Lane Hygiene Primer, Part 1: On the Highway

One problem I see constantly on the road are drivers not knowing how to smoothly and safely navigate their lanes. This is such a ubiquitous issue, one that involves safety, timing, traffic flow, road rage, constant near-misses, and accidents, that it warrants explanation on what the different lanes are for and how to drive in them. Lanes work differently for highway and urban city driving, and this rather long entry will cover highway usage, to be followed next time by city driving.

By highway usage, I mean roadways with speed limits of 55 mph or higher, and especially areas where there are more than two lanes of traffic going in the same direction. Most urban highways contain at least three, and sometimes up to six lanes, depending on congestion levels.

Passing Lane

Most of us remember from driver’s ed that the right lane is for slower drivers and those exiting or merging, while the left lane is the “fast lane,” for passing only. The middle lane, if there is one, is often recommended by motorist handbooks for the smoothest driving. If there are only two lanes, then they recommend staying in the right lane only except to pass.

These are excellent guidelines that should be regularly heeded. But real-world driving is often messier than this, and to follow such rules rigidly sometimes also makes for difficult traffic flow. All drivers should practice what I call good lane hygiene—that is, being aware, cooperative, and not impeding traffic.

On many quieter parts of the interstate, there are often only two lanes in either direction. Slower vehicles (such as tractor-trailers, RVs, or vehicles pulling trailers) usually occupy the right lane. Faster-moving vehicles usually travel in the left lane, sometimes only for passing, and then they often move back into the slower-paced right lane. But sometimes there is so much traffic in the right lane that the faster vehicles never return back to the right lane and just continue to travel in the left lane. This also happens on many urban highways where congestion clogs up multiple right lanes and traffic naturally sorts itself out between faster- and slower-moving strings.

The trouble comes when people forget that the left lane is really meant to be a passing lane. In other words, you probably shouldn’t be in this lane unless you’re passing, period. Many states have signs to remind motorists of this fact. 

Many drivers, having forgotten this and who are also not in the habit of being situationally aware, squat in oblivion in the left lane and profoundly annoy the people who are in fact trying to pass, causing long lines of traffic to bunch up behind them or faster traffic to attempt to pass on the right, which is considerably more dangerous.

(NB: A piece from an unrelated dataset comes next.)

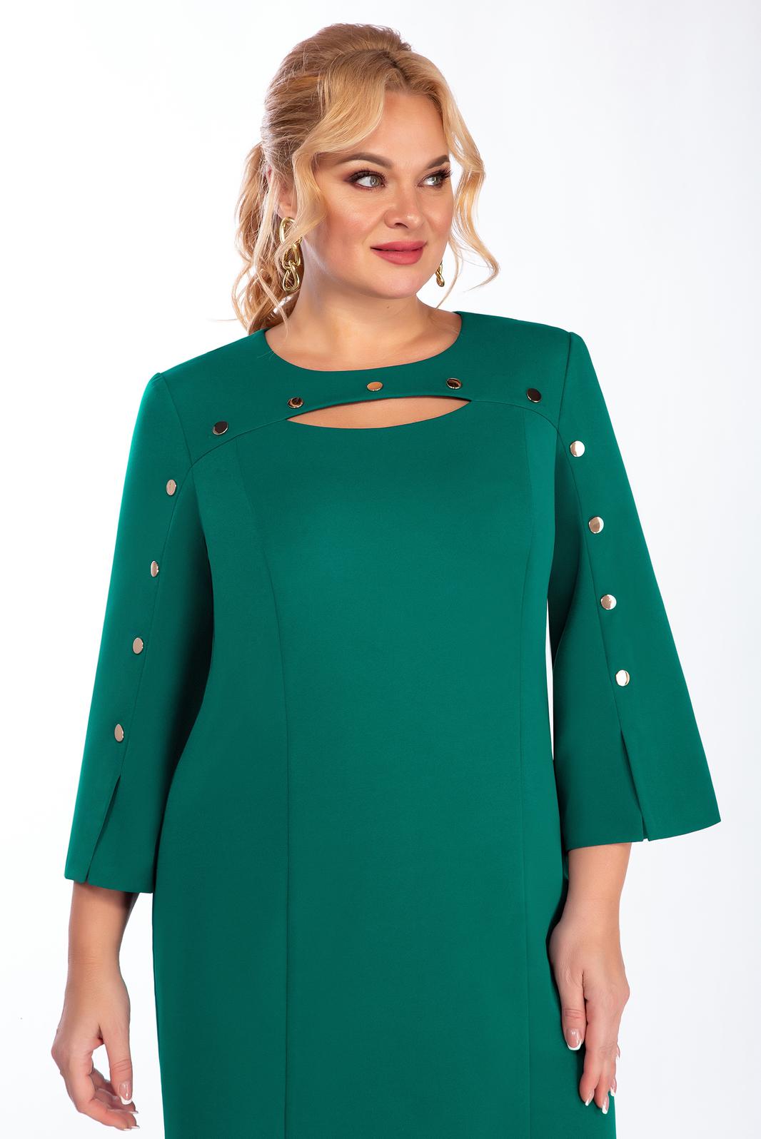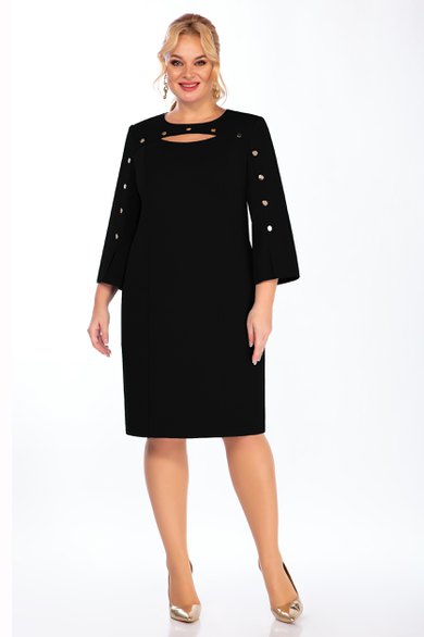 Платье полуприлегающего силуэта на подкладке средней длины. Впереди кокетка, под ней продолговатый кокетливый вырез и вертикальные рельефы. Платье выполнено из плотной ткани и в тоже время шелковистой и пластичной. По спинке центральный шов, застежка «молния» и вертикальные рельефы. Рукав 7/8, по внутреннем шву шлица. Кокетка и рукава продекорированы золотой металлической фурнитурой. Состав ткани: 95% полиэстер 5% спандекс. Длина платья 100 см. длина рукава платья 51см

Other drivers exercise their self-righteousness, proclaiming that as long as they are doing the speed limit, they are justified in staying in the left lane and morally obligated to make other less law-abiding drivers do the same.

 

 

In this case, it is not your place to make other drivers obey speed limits; leave that for law enforcement and state patrol. Many states have statutes that make it illegal to fail to yield to traffic that seeks to overtake in the left lane, or to create any other "obstruction" in the passing lane that hinders the flow of traffic, regardless of the speed at which the motorist in the left lane is traveling. Many state patrol officers do not ticket for this because they prefer to spend their time enforcing more dangerous infractions: speeders, drunk drivers, etc., but they acknowledge the traffic-flow and potential safety problems that left-lane squatters cause and they can legally ticket for this offense.

But what if the right lanes are congested, and traveling in the left seems to be a safer way to drive more smoothly and steadily, given the fact that it might be more dangerous and disruptive to constantly change lanes back and forth? I would say that in this real-world case, traveling longer distances in the left lane is perhaps permissible, but ONLY if you are constantly monitoring that you are not impeding the flow of traffic. In other words, you should be checking your rearview mirror constantly, at least every few seconds (and you should be routinely doing that anyway as part of safe driving), and move over promptly to the right to let traffic behind you continue unimpeded. And don’t get in the habit of regularly traveling in the left lane just because you want to be lazy.

 

Example of carpool or HOV lane, with the diamond icon in the roadway. Photo taken over Interstate 91 in Connecticut. Source: en:User:Rhobite 10/1/2004.

HOV or Carpool Lanes

Another type of lane is the carpool lane, or HOV (high-occupancy vehicle) lane. These are lanes (usually the far left but sometimes the far right) that are used by buses, carpools, and sometimes decaled electric vehicles and motorcycles on urban freeways that experience significant congestion during peak traffic hours (such as commuting times). Regulations vary, and you must pay attention to how and when you use these lanes. Most require only two passengers in the car (and no, pregnant women do not count as two people), but some require three or more. Some are considered HOV 24 hours a day, while others are HOV only at certain hours of the day but are unrestricted outside those times.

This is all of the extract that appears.